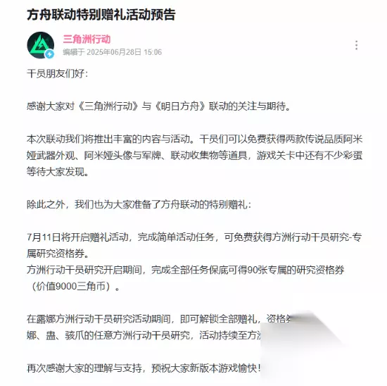 干员朋友们好: 感谢大家对《三角洲行动》与《明日方舟》联动的关注与期待。 本次联动我们将推出丰富的内容与活动。干员们可以免费获得两款传说品质阿米娅武器外观、阿米娅头像与军牌、联动收集物等道具,游戏关卡中还有不少彩蛋等待大家发现。 除此之外,我们也为大家准备了方舟联动的特别赠礼: 7月11日将开启赠礼活动,完成简单活动任务,可免费获得方洲行动干员研究-专属研究资格券。 方洲行动干员研究开启期间,完成全部任务保底可得90张专属的研究资格券(价值9000三角币)。 在露娜方洲行动干员研究活动期间,即可解锁全部赠礼,资格券可用于参与露娜、蛊、骇爪的任意方洲行动干员研究,活动持续至方洲行动干员研究结束。 再次感谢大家的理解与支持,预祝大家新版本游戏愉快!
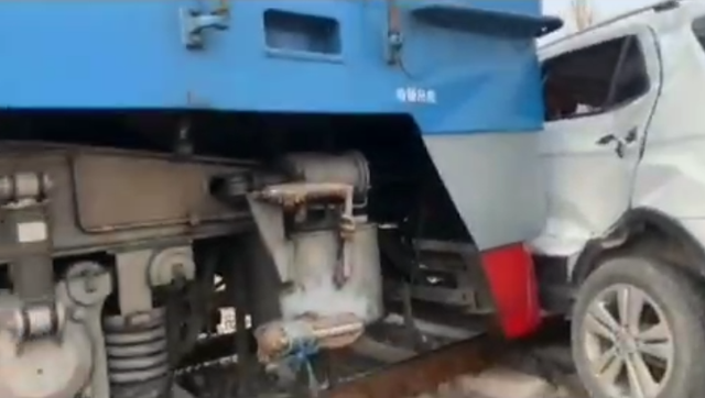 河北廊坊一輛越野車撞上火車
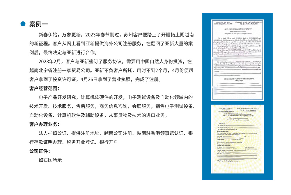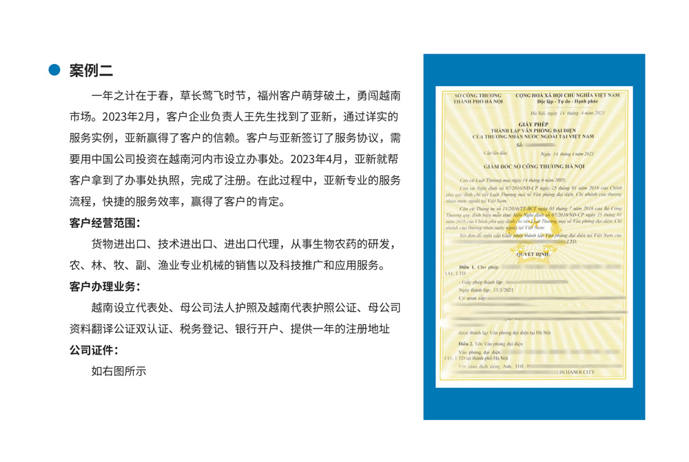 北京亚新通达商务咨询有限公司是一家享有良好声誉的商务服务型公司,总部位于北京,在上海、深圳,杭州,中国香港,印度新德里,越南胡志明,越南河内设有子公司,在日本大阪、韩国首尔、印度尼西亚雅加达、泰国曼谷设有办事处。
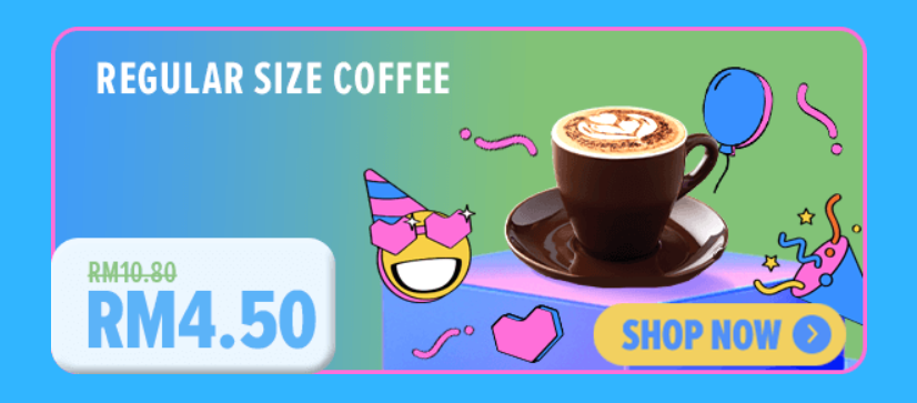 i) Regular Size Coffee (Expresso/Long Black/Flat White) – 只需RM4.50(原价RM10.80);购买【点击这里】
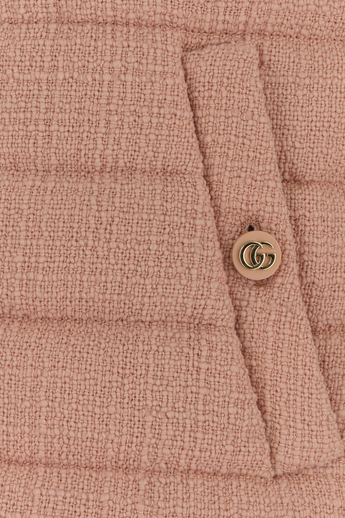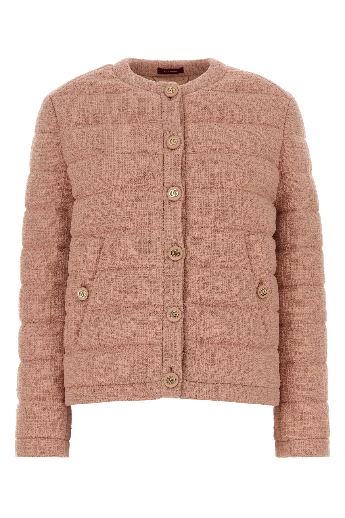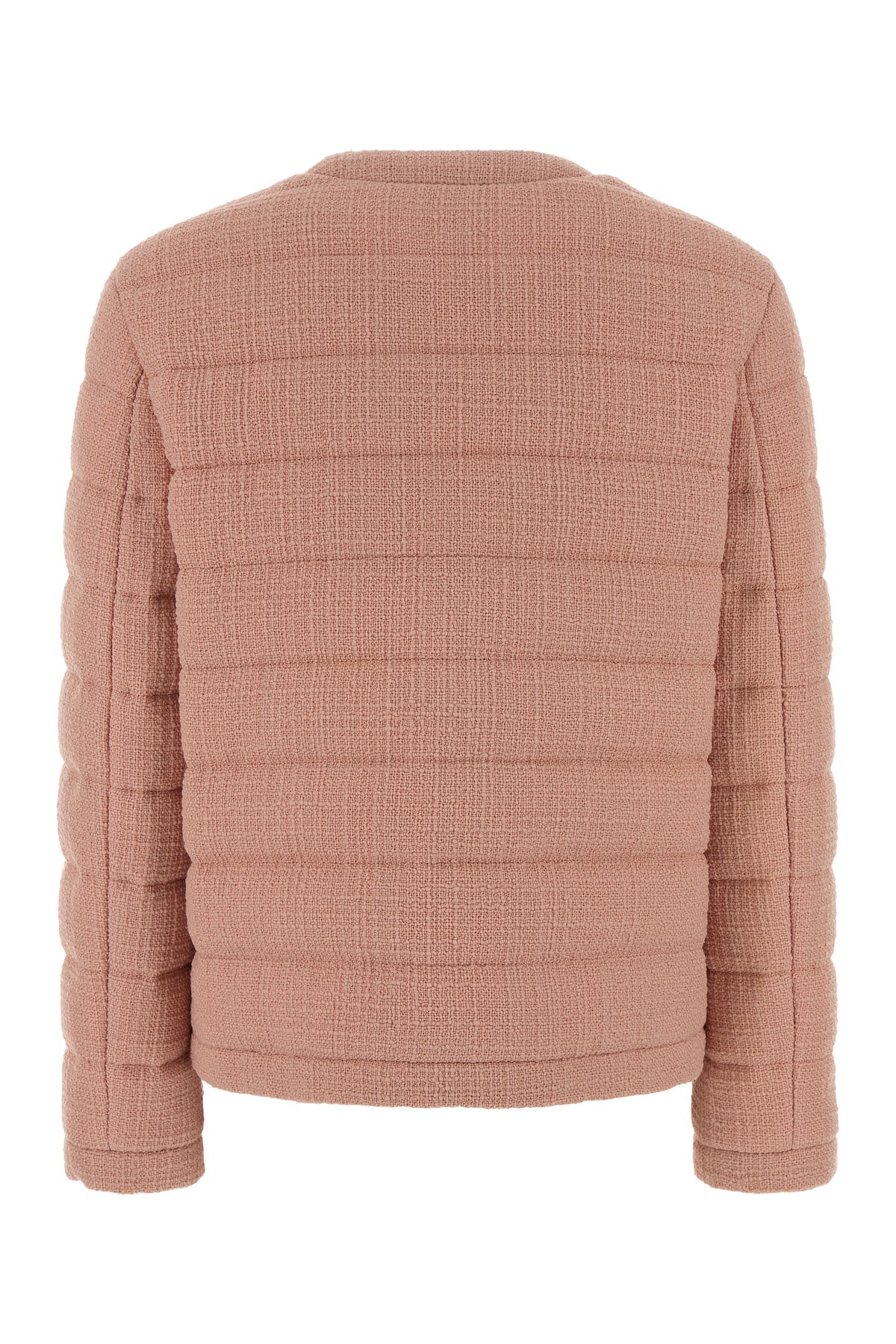 Padded jacket realized in boucle characterized by logoed buttons closure.

TASK INSTRUCTIONS: The final stretch of the data, from the line with "北京亚新通达商务咨询有限公司" through its last line, is to be retyped exactly; pictures are not part of the copy.

WORKED SOLUTION:
 北京亚新通达商务咨询有限公司是一家享有良好声誉的商务服务型公司,总部位于北京,在上海、深圳,杭州,中国香港,印度新德里,越南胡志明,越南河内设有子公司,在日本大阪、韩国首尔、印度尼西亚雅加达、泰国曼谷设有办事处。
 i) Regular Size Coffee (Expresso/Long Black/Flat White) – 只需RM4.50(原价RM10.80);购买【点击这里】
 Padded jacket realized in boucle characterized by logoed buttons closure.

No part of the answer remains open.